#### EXERCISE:
All lines from the one bearing "Höchster Sonnenstand (Kulmination)13:07" through the end of the data below must be printed exactly as they stand, with pictures removed.
**** DATA SECTION ****
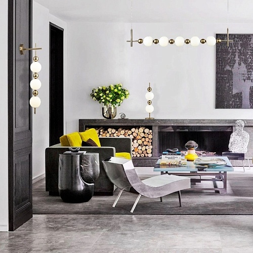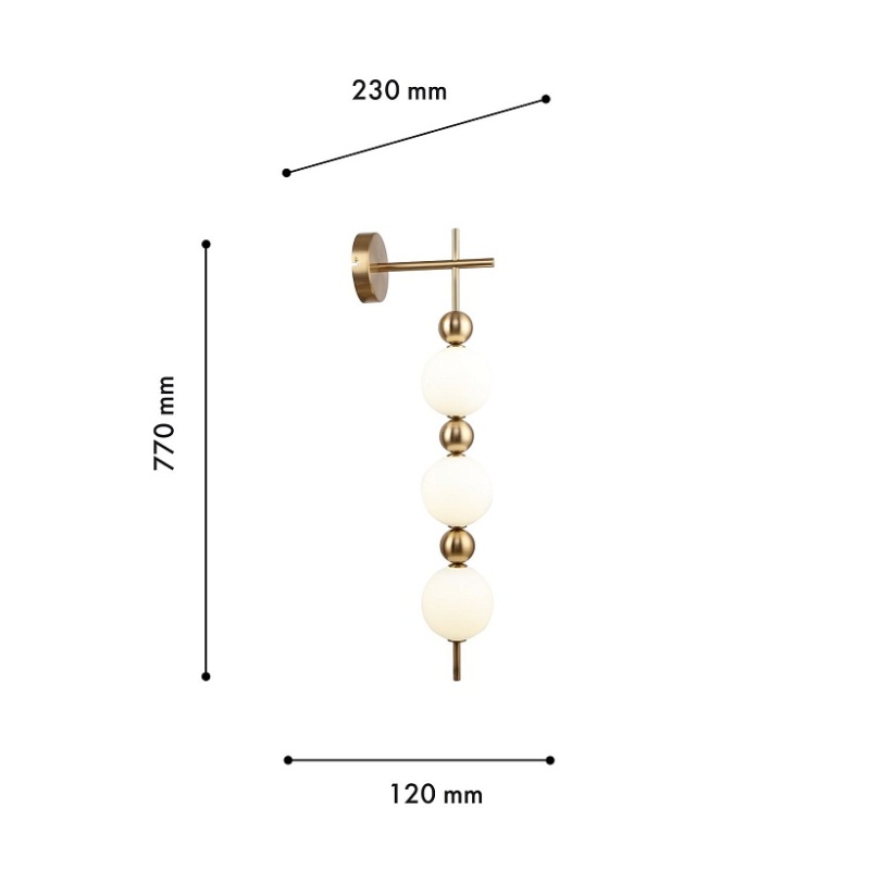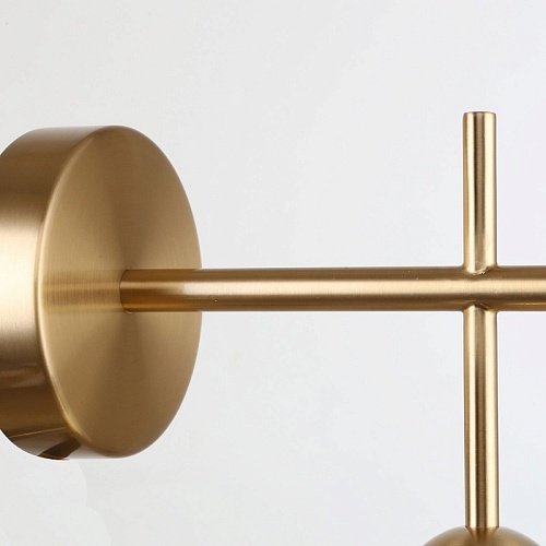 Металлический каркас в цвете латунь, плафоны из белого непрозрачного стекла, декор в виде золотых шаров.
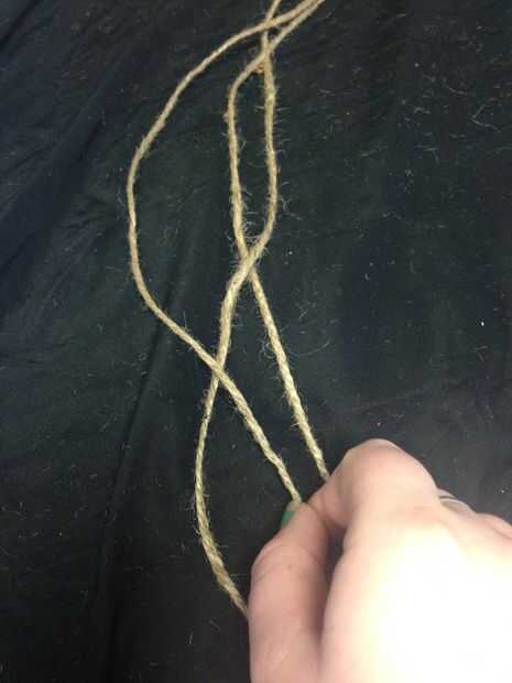 A continuación, se trenza el hilo. Cada grupo de tres se trenzó para completar un lado del marco. Para trenza, colocar las tres cuerdas con poco espacio que los separa. Si no está familiarizado con un trenzado clásico, emplean los siguientes pasos.
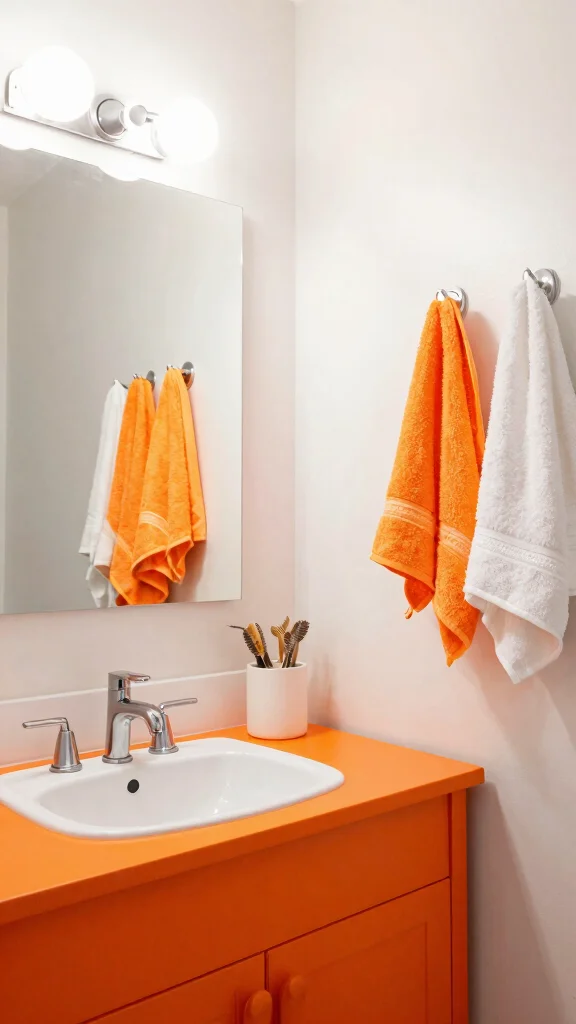Bright tangerine is an eye-catching color that injects a vibrant pop into your bathroom. This energetic shade uplifts the space, making it feel playful and fun. Pairing tangerine with neutral tones like white or gray helps to balance its brightness while creating a lively atmosphere.
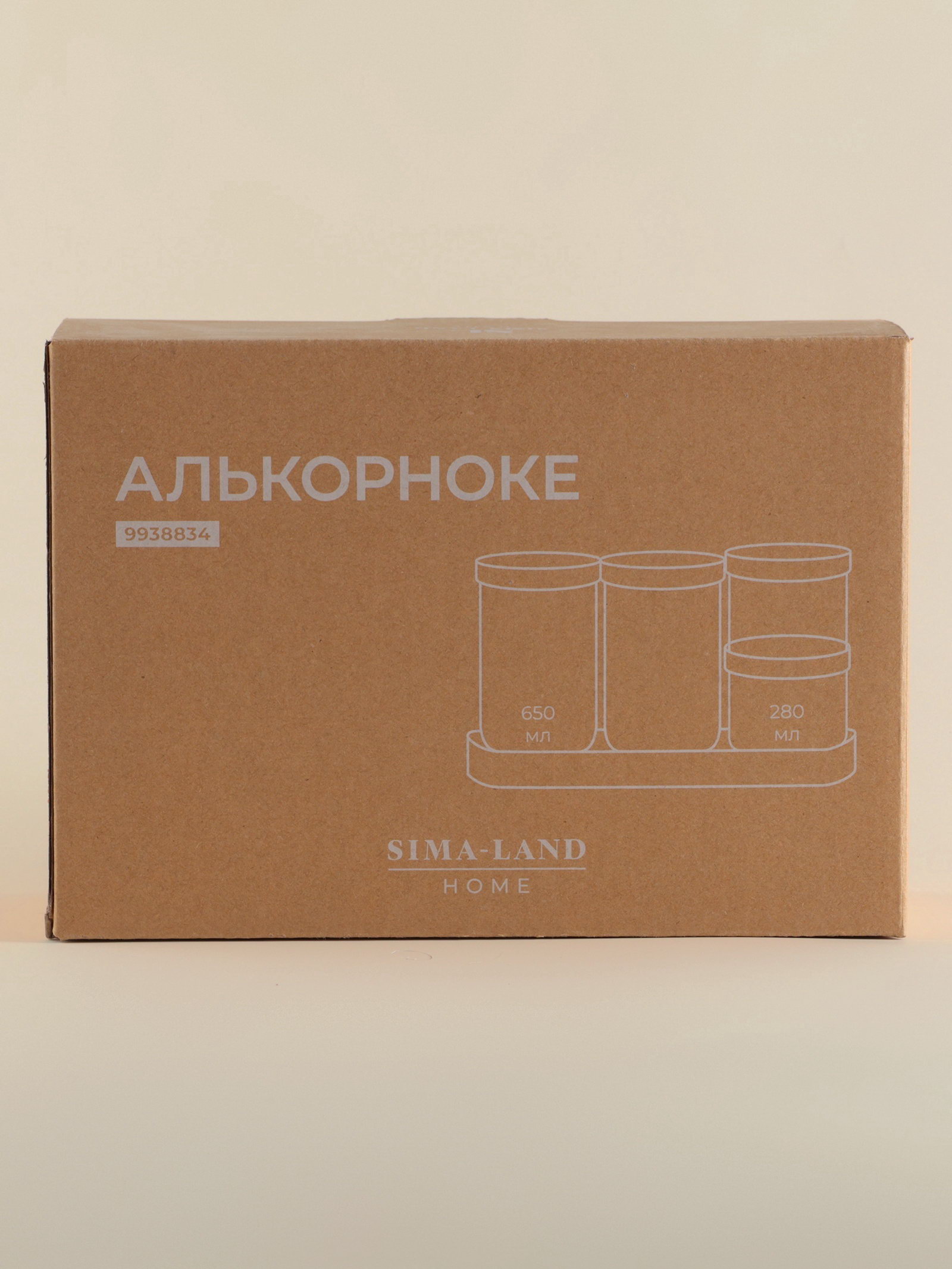 Банки для сыпучих SL Home "Алькорноке", 2 банки 280 ми, 2 банки 650 мл, с пробковой крышкой, на подставке, стекло, прозрачные, 9.7x26x18 см., Sima-Land Home, Китай
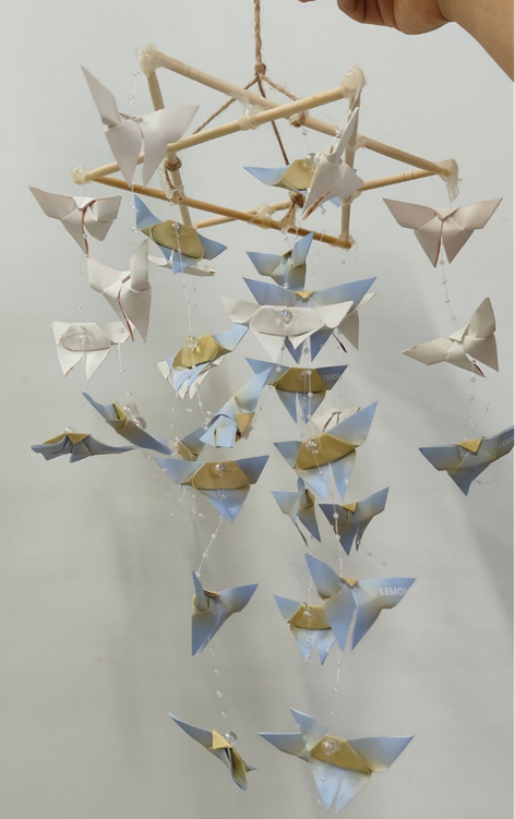折纸蝴蝶风铃改造指南在整理旧物时,发现了闲置的竹签、彩纸和一些零碎珠子。看着色彩鲜艳却被搁置的彩纸,脑海中浮现出轻盈飞舞的蝴蝶,便想着能否将这些元素组合,打造一款独特的风铃,让旧物重新焕发生机。这款旧物改造的折纸蝴蝶风铃,兼具美观与创意。微风拂过,折纸蝴蝶随风摆动,珠子相互碰撞发出清脆声响,仿佛将自然的灵动与美好汇聚于一室。它不仅是家居中别致的装饰,更是对旧物的珍视与对生活创意的诠释,让闲置物品在巧手下重获新生,诉说着环保与艺术融合的故事。
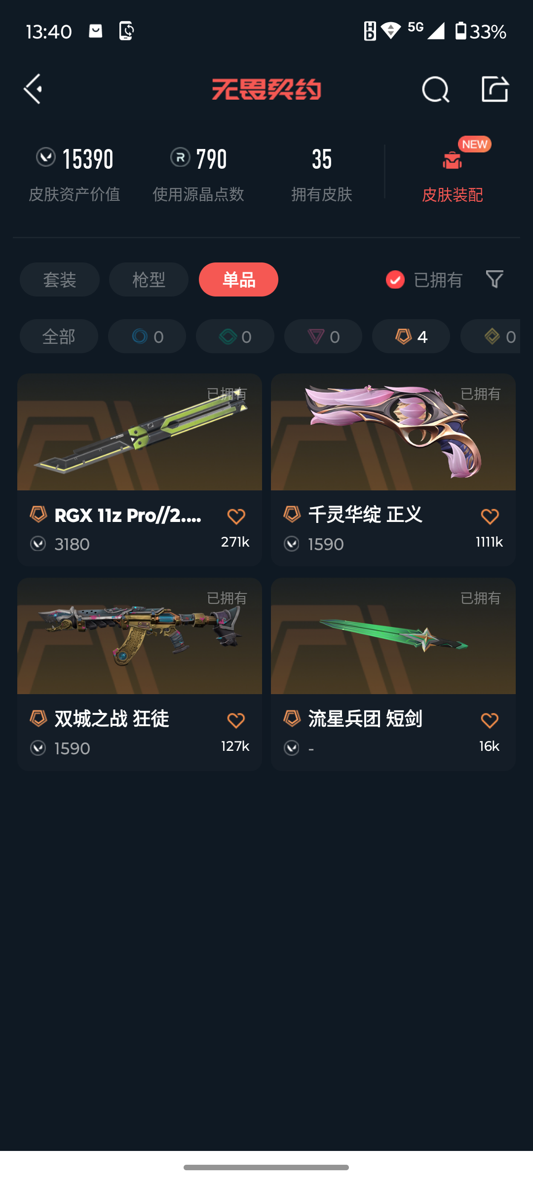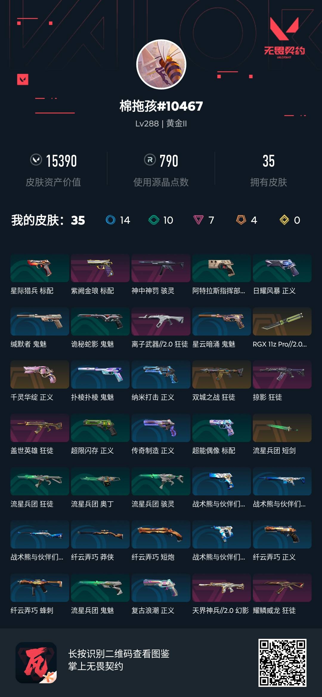 [14473377]q191708 无畏契约/等级288/段位黄金2/英雄17/皮肤35/资产15390/已使用r点790/剩余r点190/流星兵团-短剑,rgx-11z-pro//2.0-蝴蝶刀,双城之战-狂徒,离子武器//2.0-狂徒,天界神兵//2.0-幻影,盖世英雄-狂徒,耀鳞威龙-狂徒-,掠影-狂徒,神中神罚-骇灵,千灵华绽-正义,紫阙金琅-标配
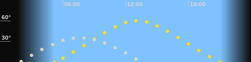 Höchster Sonnenstand (Kulmination)13:07 Uhr (h = 60.2°)
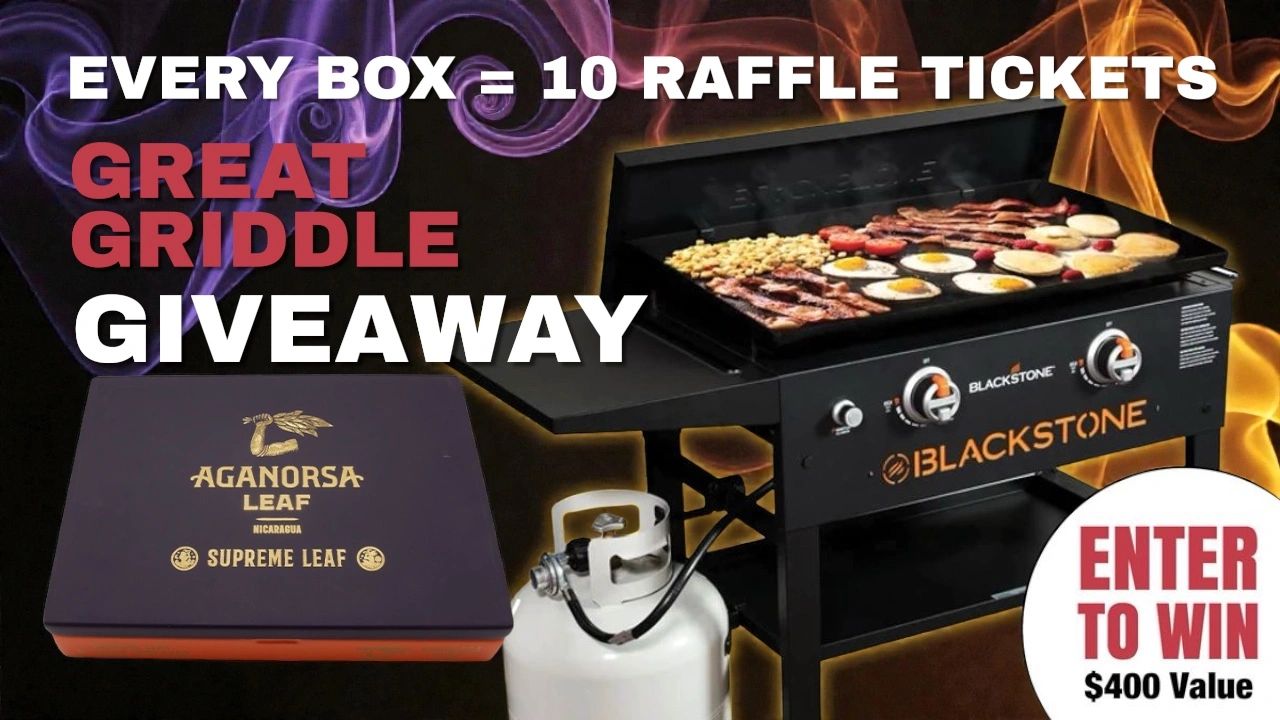 Purchase a box of the rare, Aganorsa Leaf Supreme Leaf, and your raffle ticket bonus jumps from 2 tickets, to 10 tickets for your chance to win our Blackstone Great Griddle Giveaway.
****
#### TASK OUTPUT:
 Höchster Sonnenstand (Kulmination)13:07 Uhr (h = 60.2°)
 Purchase a box of the rare, Aganorsa Leaf Supreme Leaf, and your raffle ticket bonus jumps from 2 tickets, to 10 tickets for your chance to win our Blackstone Great Griddle Giveaway.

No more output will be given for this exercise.